INSTRUCTIONS TO FOLLOW
Write out the whole listing below exactly, skipping each picture.

RECORDED INFORMATION
>>>

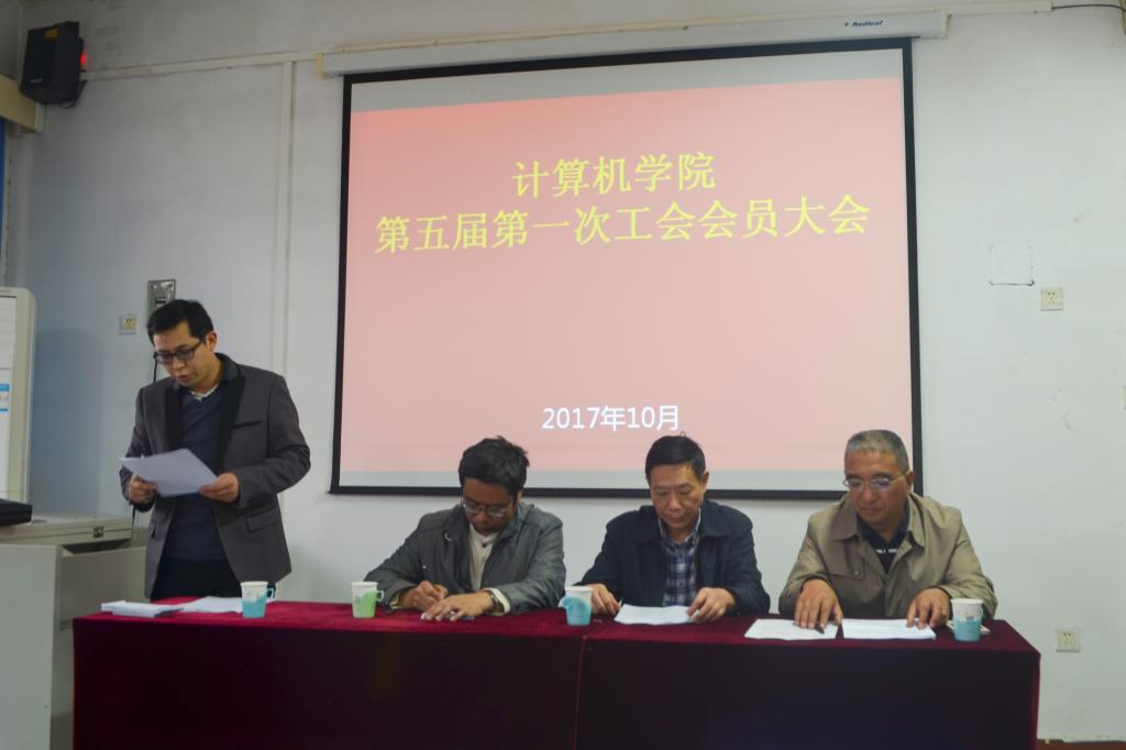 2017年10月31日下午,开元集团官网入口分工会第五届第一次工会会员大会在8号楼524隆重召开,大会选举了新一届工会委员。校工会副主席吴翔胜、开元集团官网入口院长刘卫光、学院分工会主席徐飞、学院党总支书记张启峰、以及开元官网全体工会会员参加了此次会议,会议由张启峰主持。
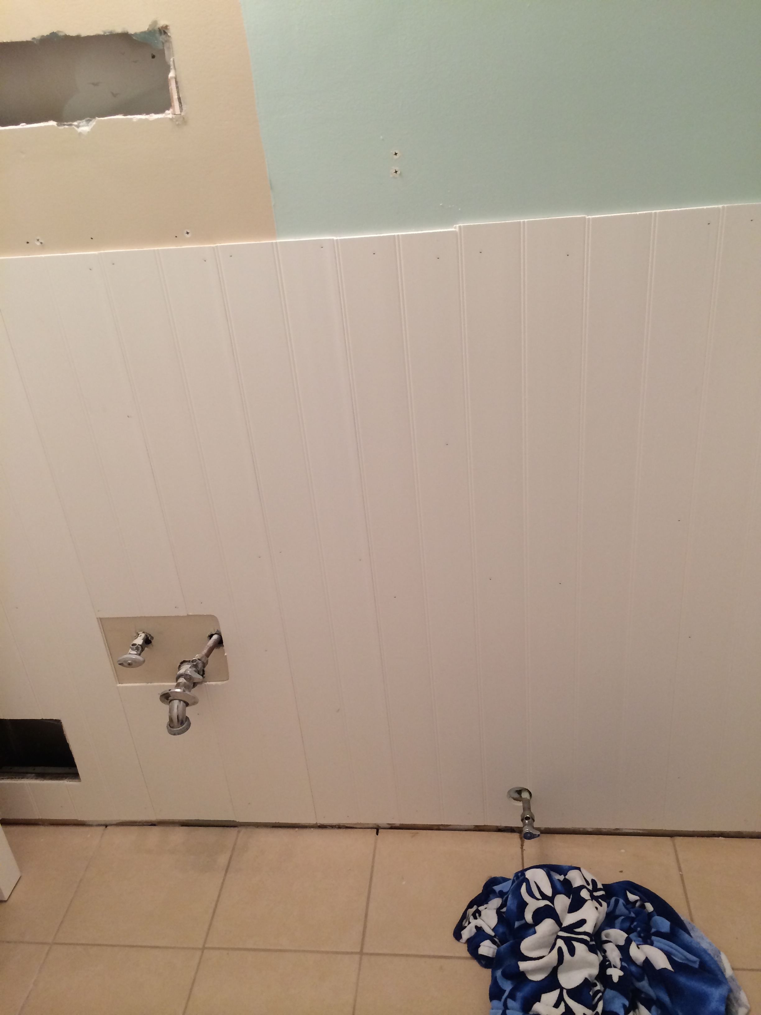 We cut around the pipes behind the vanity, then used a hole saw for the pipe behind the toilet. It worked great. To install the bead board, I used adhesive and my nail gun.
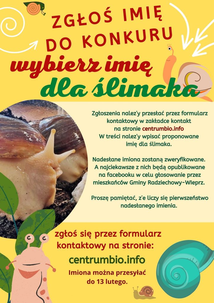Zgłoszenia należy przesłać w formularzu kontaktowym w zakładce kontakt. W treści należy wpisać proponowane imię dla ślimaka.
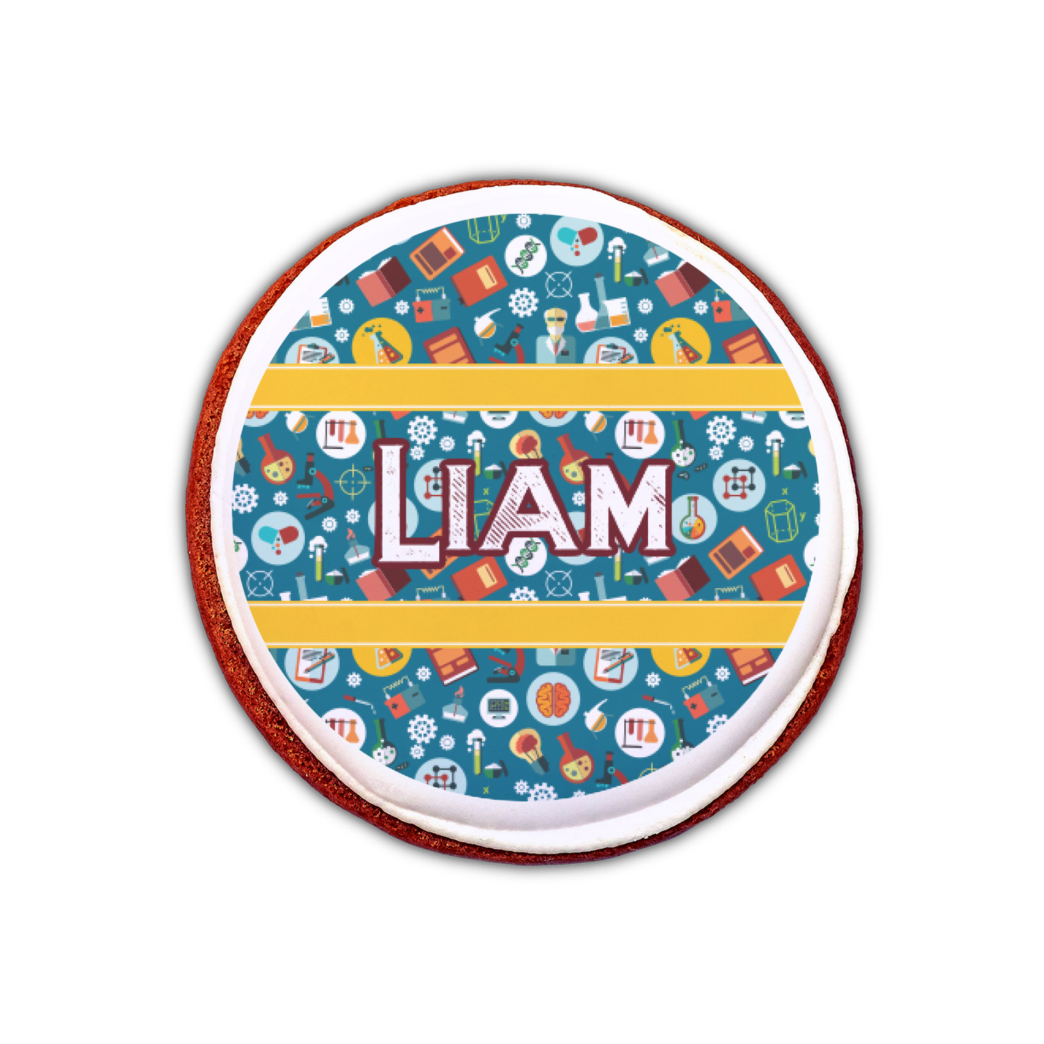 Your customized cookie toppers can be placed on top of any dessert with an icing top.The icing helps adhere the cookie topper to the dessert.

<<<

RESPONSE BOX
 2017年10月31日下午,开元集团官网入口分工会第五届第一次工会会员大会在8号楼524隆重召开,大会选举了新一届工会委员。校工会副主席吴翔胜、开元集团官网入口院长刘卫光、学院分工会主席徐飞、学院党总支书记张启峰、以及开元官网全体工会会员参加了此次会议,会议由张启峰主持。
 We cut around the pipes behind the vanity, then used a hole saw for the pipe behind the toilet. It worked great. To install the bead board, I used adhesive and my nail gun.
Zgłoszenia należy przesłać w formularzu kontaktowym w zakładce kontakt. W treści należy wpisać proponowane imię dla ślimaka.
 Your customized cookie toppers can be placed on top of any dessert with an icing top.The icing helps adhere the cookie topper to the dessert.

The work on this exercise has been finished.